* **WORK TASK**
Once the line holding "На митинг собрались" is found in the entries below, transcribe exactly every line up to and including the one holding "Compass Rose provides", but leave out the pictures.

* **DATA TO USE**
=-=-=

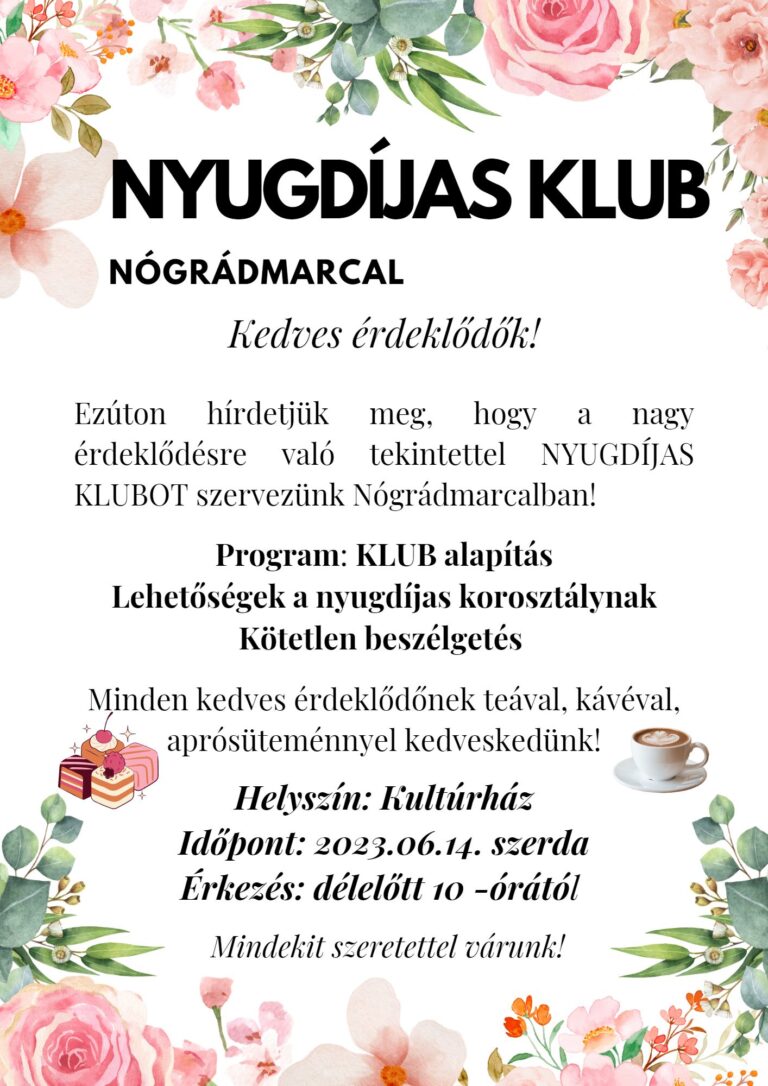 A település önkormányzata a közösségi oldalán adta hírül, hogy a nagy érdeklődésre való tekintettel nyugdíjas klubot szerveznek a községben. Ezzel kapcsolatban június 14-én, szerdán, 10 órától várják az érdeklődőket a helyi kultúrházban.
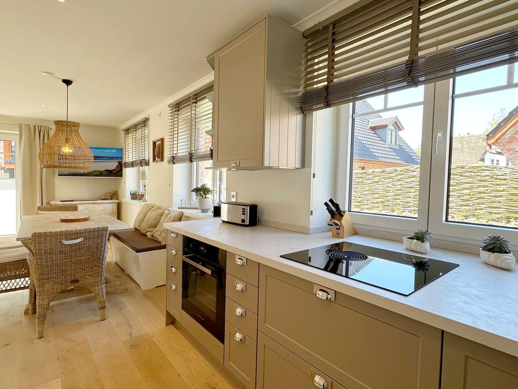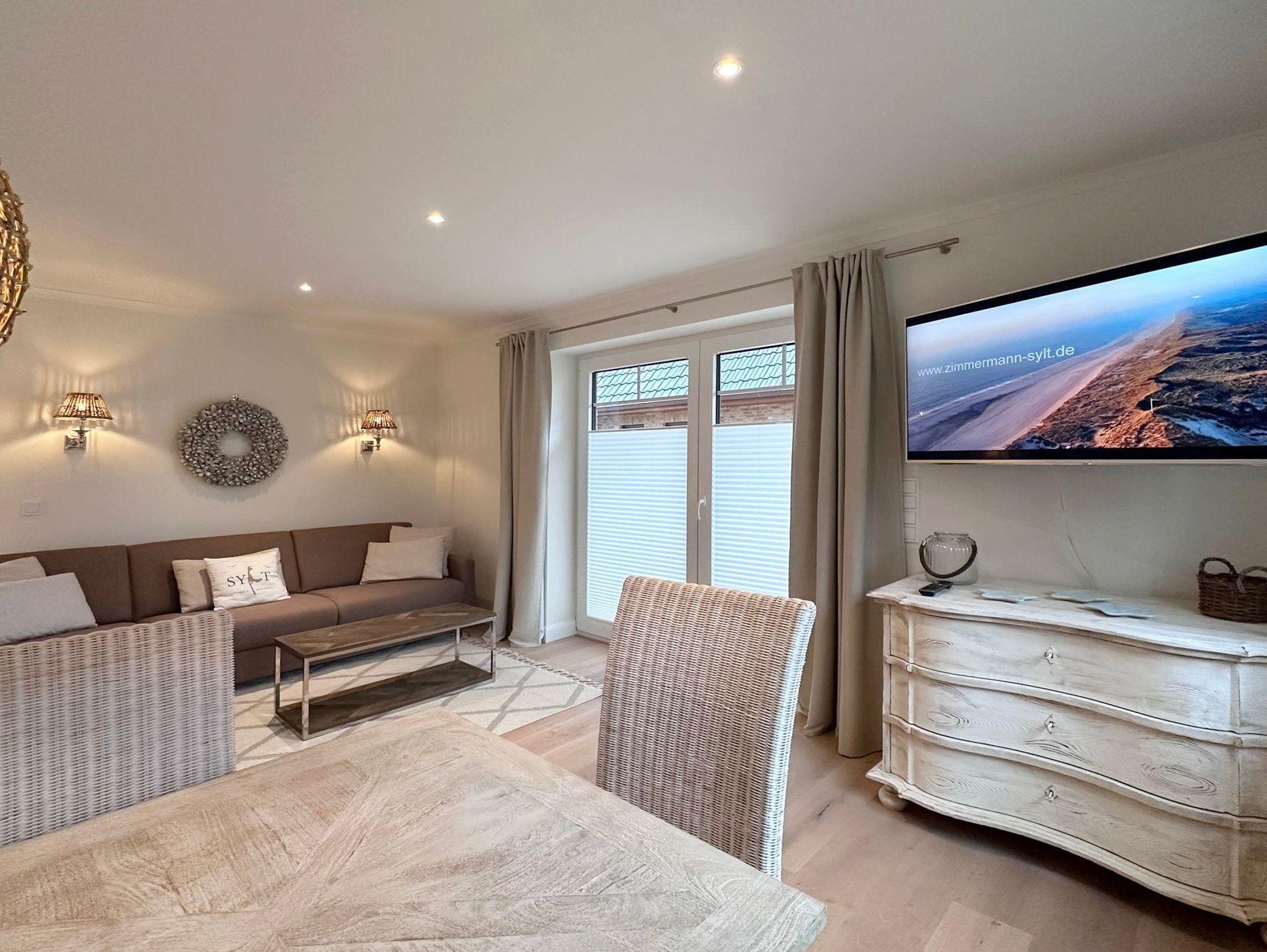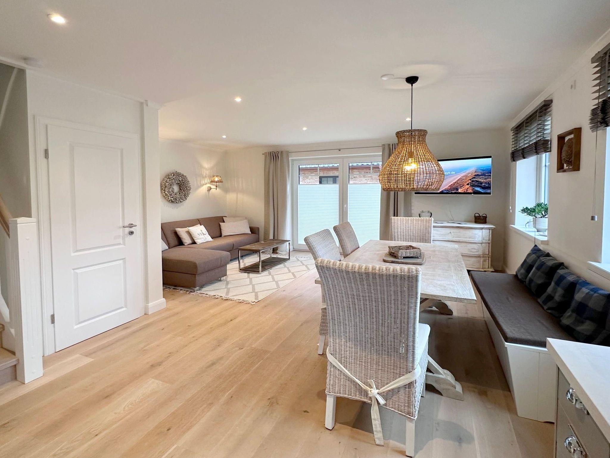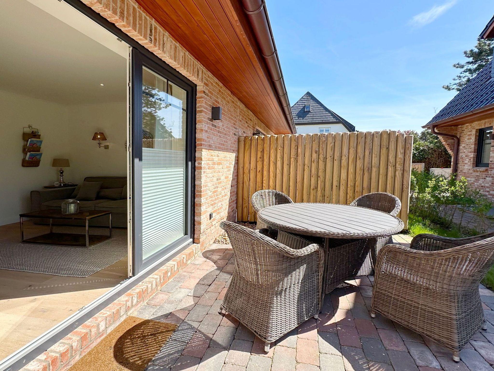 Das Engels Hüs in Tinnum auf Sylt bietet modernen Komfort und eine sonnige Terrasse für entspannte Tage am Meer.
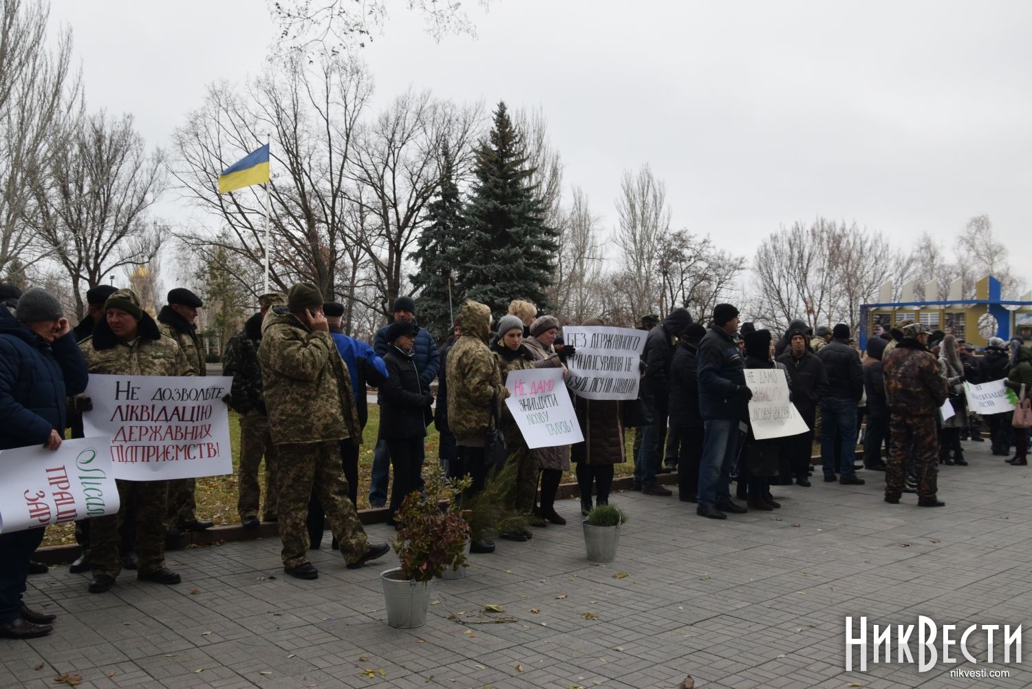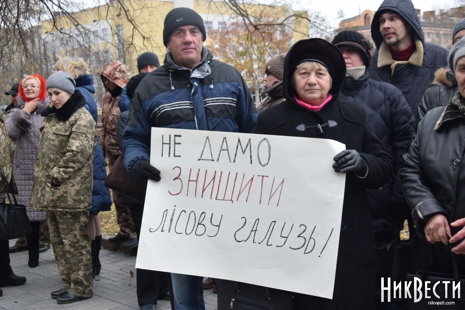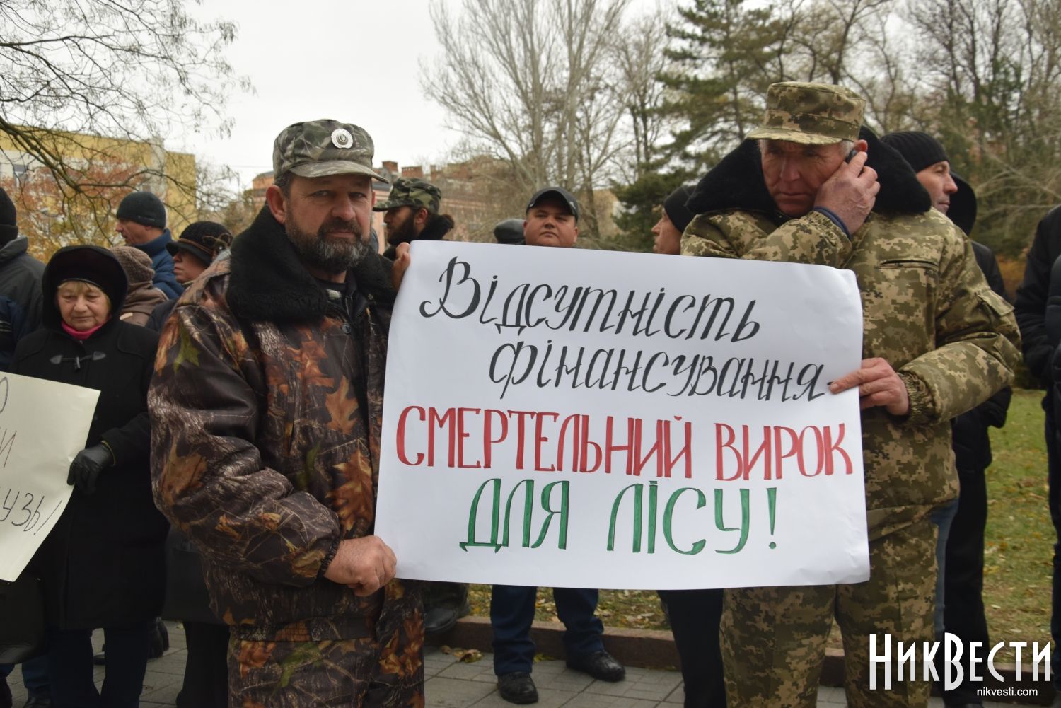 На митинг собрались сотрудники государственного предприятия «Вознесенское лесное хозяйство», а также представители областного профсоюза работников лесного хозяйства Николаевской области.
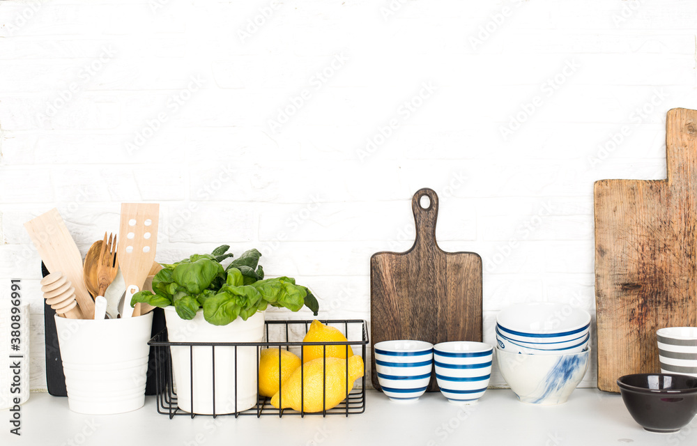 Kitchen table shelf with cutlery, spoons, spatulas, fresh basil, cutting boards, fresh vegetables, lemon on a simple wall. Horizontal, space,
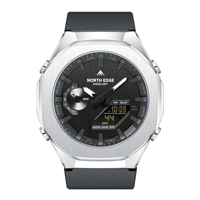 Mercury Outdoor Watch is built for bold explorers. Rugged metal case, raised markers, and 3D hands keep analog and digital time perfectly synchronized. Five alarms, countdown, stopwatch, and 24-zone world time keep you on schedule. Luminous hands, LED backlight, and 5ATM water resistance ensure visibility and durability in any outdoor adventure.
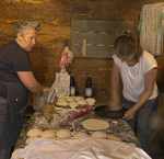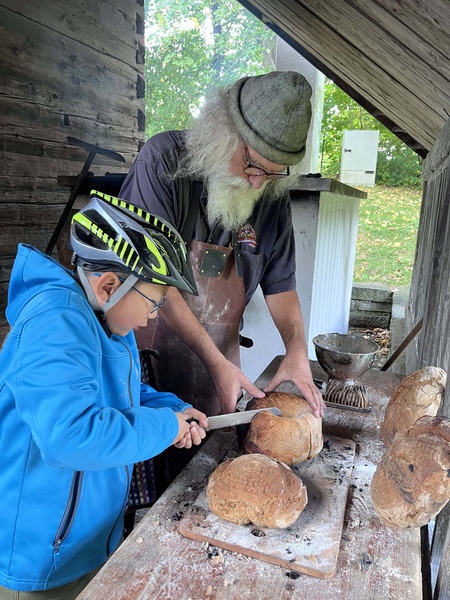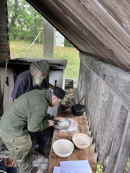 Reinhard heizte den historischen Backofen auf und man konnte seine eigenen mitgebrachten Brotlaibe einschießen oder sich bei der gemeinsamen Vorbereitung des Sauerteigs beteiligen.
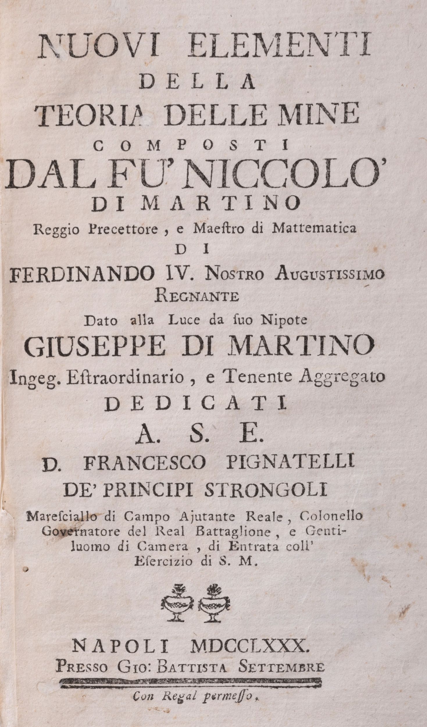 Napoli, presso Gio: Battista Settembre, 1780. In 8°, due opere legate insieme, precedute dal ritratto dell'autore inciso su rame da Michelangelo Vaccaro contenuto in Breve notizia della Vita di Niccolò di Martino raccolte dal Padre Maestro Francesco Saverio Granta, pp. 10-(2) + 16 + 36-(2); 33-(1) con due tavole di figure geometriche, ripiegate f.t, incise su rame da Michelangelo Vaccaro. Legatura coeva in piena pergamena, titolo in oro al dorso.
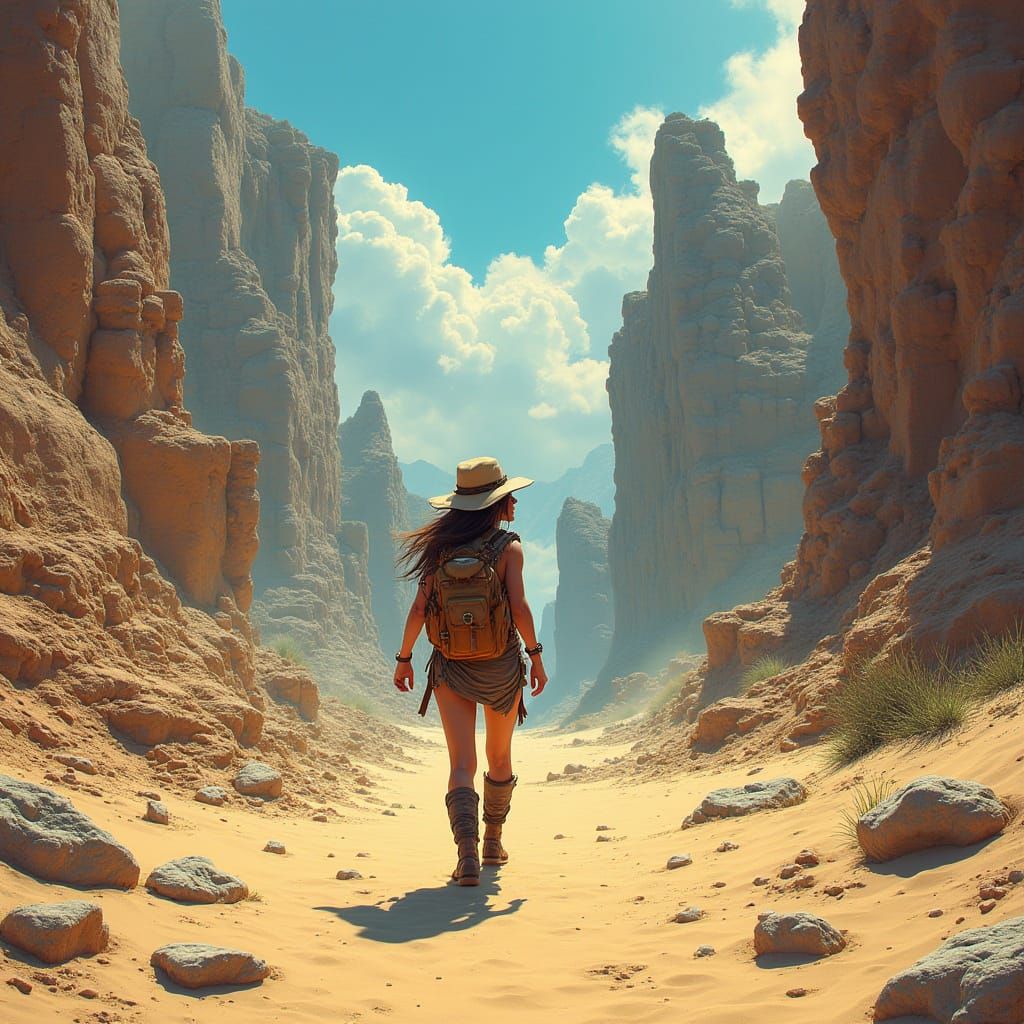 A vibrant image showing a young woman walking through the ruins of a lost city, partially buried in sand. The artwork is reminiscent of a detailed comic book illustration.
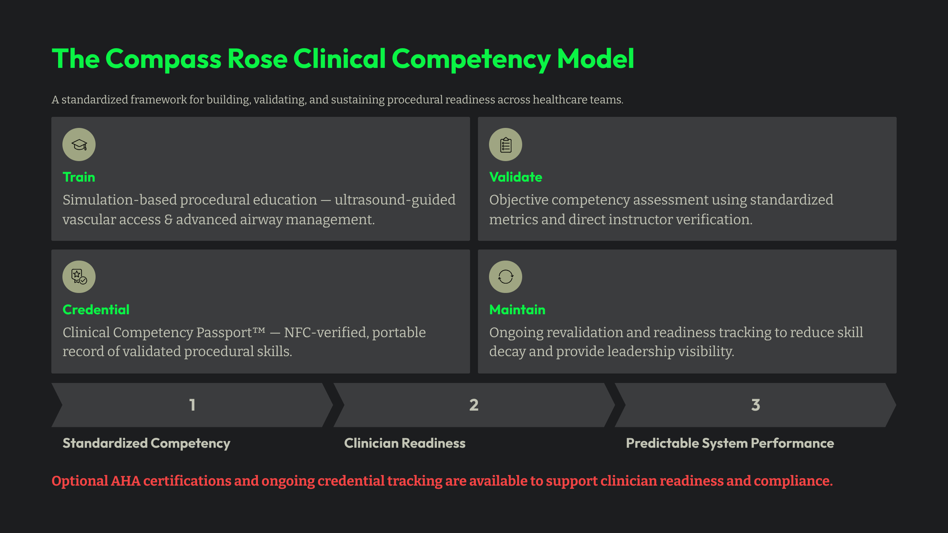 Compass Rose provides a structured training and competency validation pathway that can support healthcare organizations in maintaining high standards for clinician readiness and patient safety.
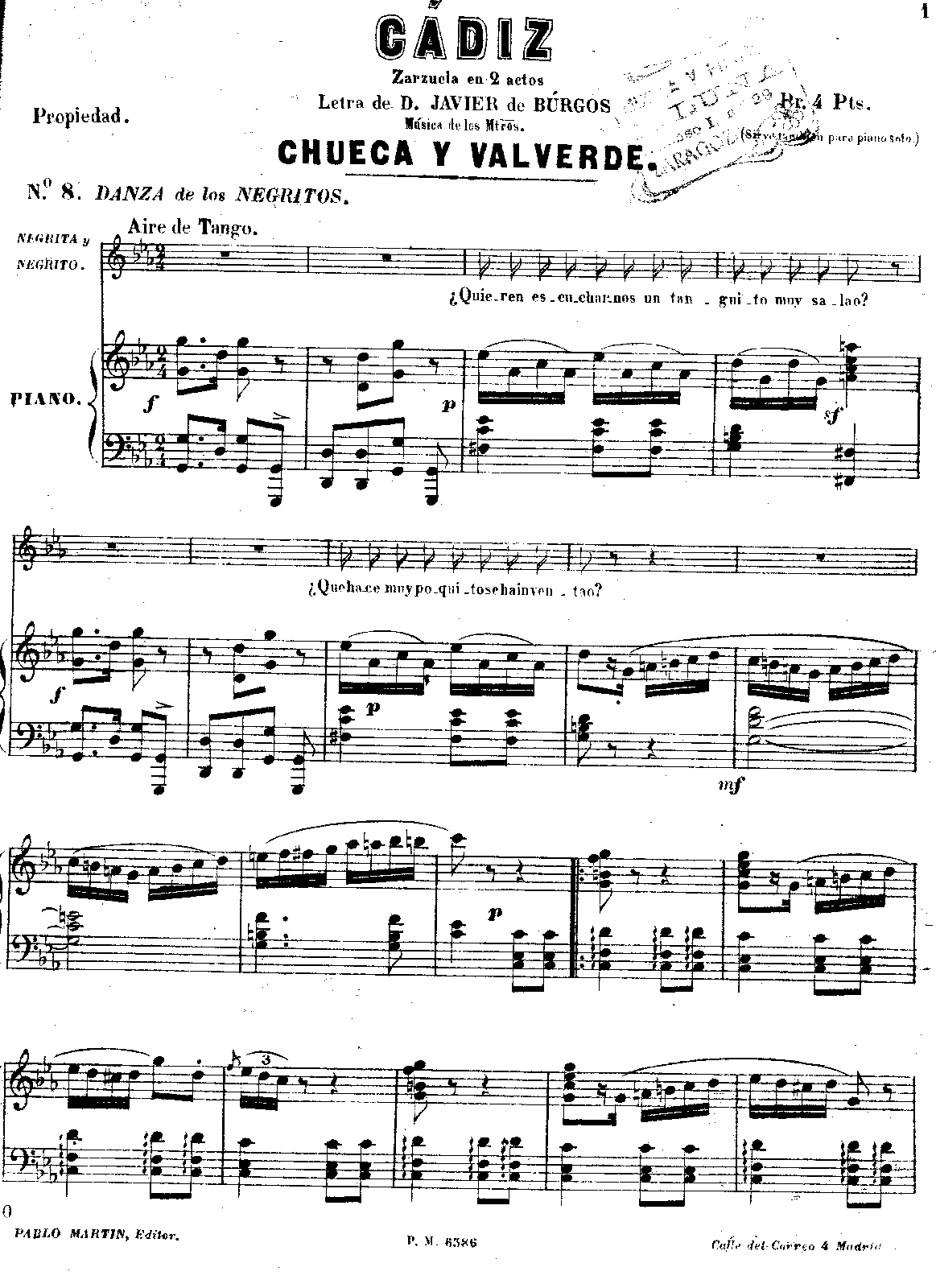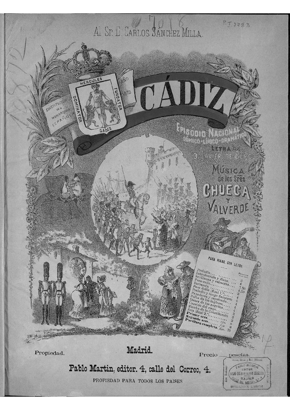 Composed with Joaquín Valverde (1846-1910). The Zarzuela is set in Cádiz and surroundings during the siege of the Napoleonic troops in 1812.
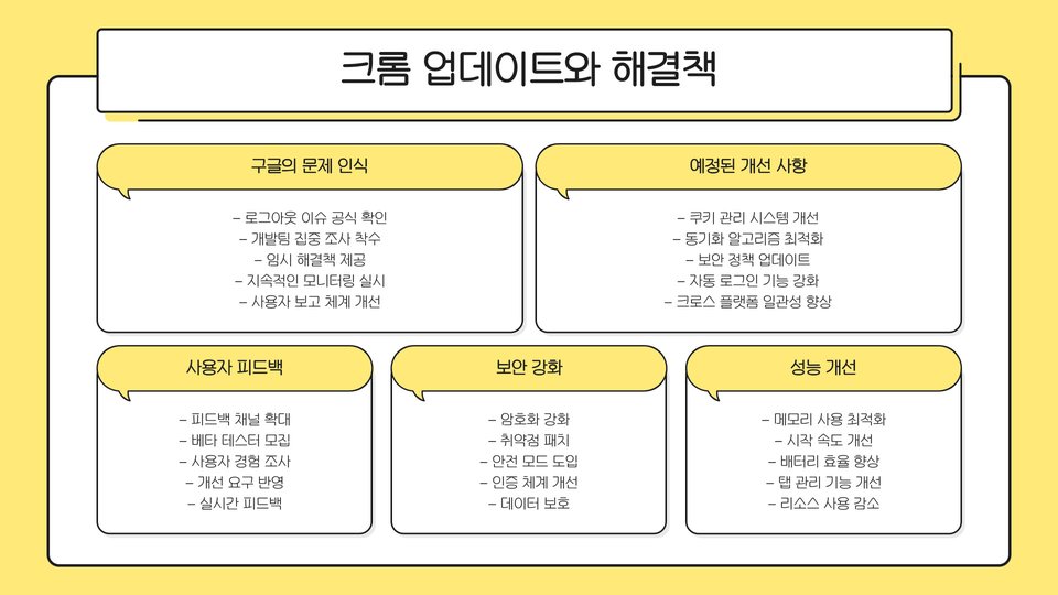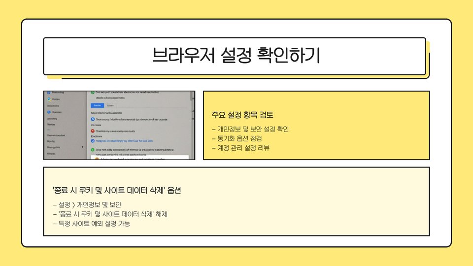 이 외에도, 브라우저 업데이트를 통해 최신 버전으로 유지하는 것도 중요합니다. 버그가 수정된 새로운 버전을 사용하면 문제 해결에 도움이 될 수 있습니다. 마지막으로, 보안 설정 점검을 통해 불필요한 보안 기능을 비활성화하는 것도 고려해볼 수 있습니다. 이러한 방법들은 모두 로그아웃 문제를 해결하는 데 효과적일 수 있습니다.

=-=-=

* **THE COMPLETED TASK**
 На митинг собрались сотрудники государственного предприятия «Вознесенское лесное хозяйство», а также представители областного профсоюза работников лесного хозяйства Николаевской области.
 Kitchen table shelf with cutlery, spoons, spatulas, fresh basil, cutting boards, fresh vegetables, lemon on a simple wall. Horizontal, space,
 Mercury Outdoor Watch is built for bold explorers. Rugged metal case, raised markers, and 3D hands keep analog and digital time perfectly synchronized. Five alarms, countdown, stopwatch, and 24-zone world time keep you on schedule. Luminous hands, LED backlight, and 5ATM water resistance ensure visibility and durability in any outdoor adventure.
 Reinhard heizte den historischen Backofen auf und man konnte seine eigenen mitgebrachten Brotlaibe einschießen oder sich bei der gemeinsamen Vorbereitung des Sauerteigs beteiligen.
 Napoli, presso Gio: Battista Settembre, 1780. In 8°, due opere legate insieme, precedute dal ritratto dell'autore inciso su rame da Michelangelo Vaccaro contenuto in Breve notizia della Vita di Niccolò di Martino raccolte dal Padre Maestro Francesco Saverio Granta, pp. 10-(2) + 16 + 36-(2); 33-(1) con due tavole di figure geometriche, ripiegate f.t, incise su rame da Michelangelo Vaccaro. Legatura coeva in piena pergamena, titolo in oro al dorso.
 A vibrant image showing a young woman walking through the ruins of a lost city, partially buried in sand. The artwork is reminiscent of a detailed comic book illustration.
 Compass Rose provides a structured training and competency validation pathway that can support healthcare organizations in maintaining high standards for clinician readiness and patient safety.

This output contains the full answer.